В свои сорок лет это плотный, видный мужчина, с большой головой и выразительной лепкой лица, в котором мемуаристы отмечают «интересную некрасивость», – эдакий «русак» с ленивыми движениями хлебосольного барина. Его костромской говор отдает почвенной, неиспорченной стариной. Его соленые шуточки рискованны даже на фоне весьма вольной, вольтерьянской манеры шутить, принятой в тогдашнем дворянском литературном кругу. Этот стиль свойствен и Некрасову, и Дружинину, и Боткину, и Григоровичу; молоденький Боборыкин, будущий знаменитый мемуарист, чувствует себя шокированным, услыша скабрезности из уст самого Тургенева. Чернышевский, Добролюбов – разночинцы, «чистюли», люди дела – бритвенно непримиримы к этому стилю; Писемский же всецело остается в его пределах, да еще и придает вольностям простодушный размах.
В кружке Некрасова (еще не распавшемся) у него кличка: «Ермило». Теперь уже трудно установить, как она появилась и была ли тут первоначальная аналогия со скромным одописцем екатерининских времен Ермилом Костровым, или действовала легенда о знаменитом гуляке, но применительно к Писемскому эта кличка означает нечто кондово-первобытное, густоземное, неуправляемо-естественное. Боткин замечает: «Мир Ермилы – курятник в сравнении с миром Тургенева; но Ермило искренне верит в свой курятник, – и от этого дома в нем; а Тургенев живет словно на квартире».
В более широком либеральном кругу Писемского иногда называют именем героя писавшегося тогда его романа: Иона Циник; его и впрямь подозревают в цинизме, и уж наверняка в скепсисе.
В самых широких кругах его зовут ласково и свойски: Филатыч.
Филатыч живет «в том длинном трехэтажном доме Куканова, что стоит на Садовой против Юсупова сада, не доходя до Екатерининского проспекта». Сокрывшись под бдительную охрану Екатерины Павловны, он пишет сутками напролет.

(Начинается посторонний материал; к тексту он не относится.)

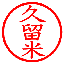 [朱肉の色]を選び、入力窓に“久留米”と入力して[生成]ボタンを押すと、印影が更新され、リンクから電子印鑑(デジタル印影)がダウンロードできます。 電子印鑑「久留米」の作り方文字表示が変なときや、文字バランスが悪いときは[字形切替]のチェックボックスでON/OFFを切り替え[生成]しなおしてください。 生成される画像は通常の印影「久留米.png」と、にじみを表現した少し太めの印影「久留米B.png」の背面透過PNG形式2種と、鮮明なPDF形式の印影「久留米.pdf」の計3種類です。 朱肉の微妙な色の違いを7色で表現しました。デフォルト(左端)は、JISが定めた朱肉の色のマンセル値(7.5R 5/14)をRGB値(217,66,54)に変換したものになっています。 「電子透かし」にチェックを入れて[生成]ボタンを押すと、タイムスタンプを電子透かしとして埋め込んだセキュアな電子印鑑が作れます。詳細は別ページの「タイムスタンプと電子透かし」でご覧ください。 久留米さんの日付印が作れます。「日付スタンプメーカー」は、社内向けの書類に利用されることの多い日付印(データ印)が無料で作れるWebアプリケーションです。中段に日付が入り、上段と下段は、ともに8文字まで文字が入ります。 ![]() 古代文字で落款印が作れます。「落款スタンプメーカー」で作品を引き立たせる落款印が作れます。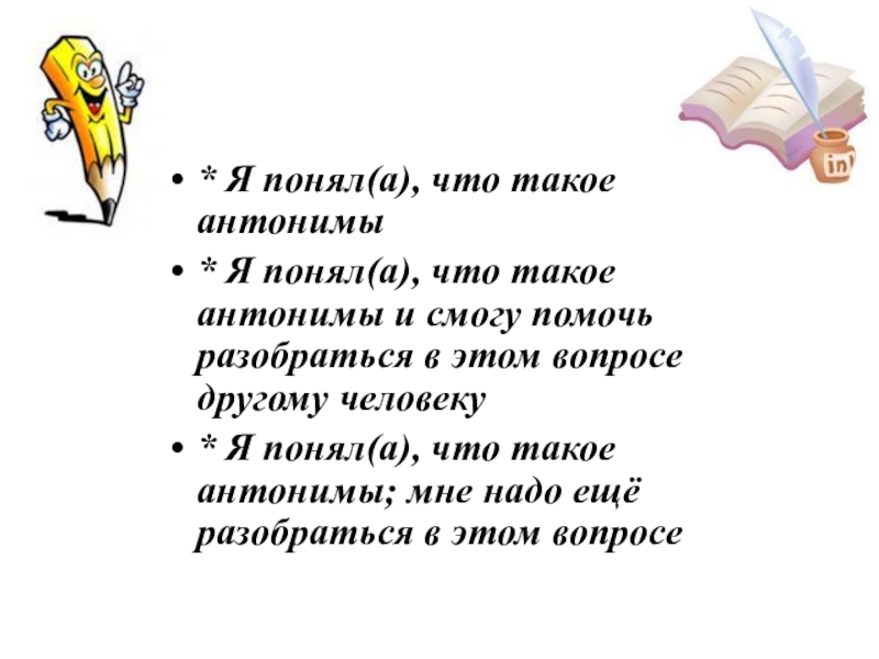 * Я понял(а), что такое антонимы* Я понял(а), что такое антонимы и смогу помочь разобраться в этом

Он работает по-русски: самозабвенно, до изнеможения, запойно. Иногда он выходит к посетителям и авторам, явившимся по журнальным делам. Его руки густо испачканы в чернилах, халат расстегнут до пупа, видна толстая волосатая грудь. Иногда посетители допускаются к нему в личные покои. Они видят горы бумаг на письменном столе (Екатерина Павловна методично перебеливает каракули и вписывает иностранные слова). По стенам посетители видят большие портреты Беранже и Жорж Занд – свидетелей и удостоверителей левизны хозяина. Видят и вещи, не совсем обычные для писательского кабинета: на стене – шубу, под письменным столом – ночной вазон, или, для еще пущего благозвучия, фиал. Хозяин охотно объясняет свои привычки: из прихожей-то шубу так и жди, что сопрут; а фиал – это от лени, батюшка, чтобы далеко не бегать, да чтобы и от писания надолго не отрываться.